On longevity and aging

  • Lifespan — David Sinclair. The information theory of aging; the source for a lot of the popular conversation. Read with judgment.
  • Outlive — Peter Attia. Useful framing of healthspan as the goal, with practical chapters that hold up.
  • Why We Age and Why We Don't Have To — Sinclair (popular treatment). Pair with Lopez-Otin et al.'s "Hallmarks of Aging" review (Cell, 2013, updated 2023) for the rigorous scaffolding.
  • Hallmarks of Aging (review article, Lopez-Otin, Blasco, Partridge, Serrano, Kroemer; Cell, 2013) — The taxonomy that organizes the field.

On AI in medicine

  • The Coming Wave — Mustafa Suleyman. Frame for thinking about AI deployment risks; not a medicine book, but the frame applies.
  • Algorithms of Oppression — Safiya Umoja Noble. On bias in deployed systems. Essential before getting excited about clinical AI.
  • Weapons of Math Destruction — Cathy O'Neil. Same.

On leading institutions

  • The Hard Thing About Hard Things — Ben Horowitz. Operating-during-crisis lessons that translate from tech to academic medicine more than they should.
  • High Output Management — Andy Grove. Old, still right. The reading list every CEO of a complex organization gives their team eventually.
  • Team of Teams — Stanley McChrystal.
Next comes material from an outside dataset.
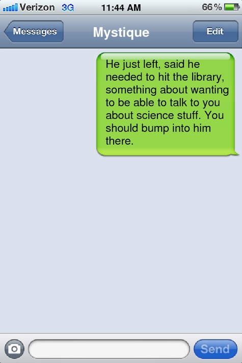 "Will you stop already? He's a good guy. I like him." Raven paused, and Erik was about to launch into his you don't know anything about him speech when she said, "He reminds me of you."

On how to run organizations when the environment changes faster than the org chart.

Fiction worth knowing

  • The Andromeda Strain, Coma — Michael Crichton, Robin Cook. The model for medical thrillers that take the medicine seriously. The lineage Coded to Kill is in.
  • Cutting for Stone — Abraham Verghese. The case that fiction can teach what a clinical anthropology can't.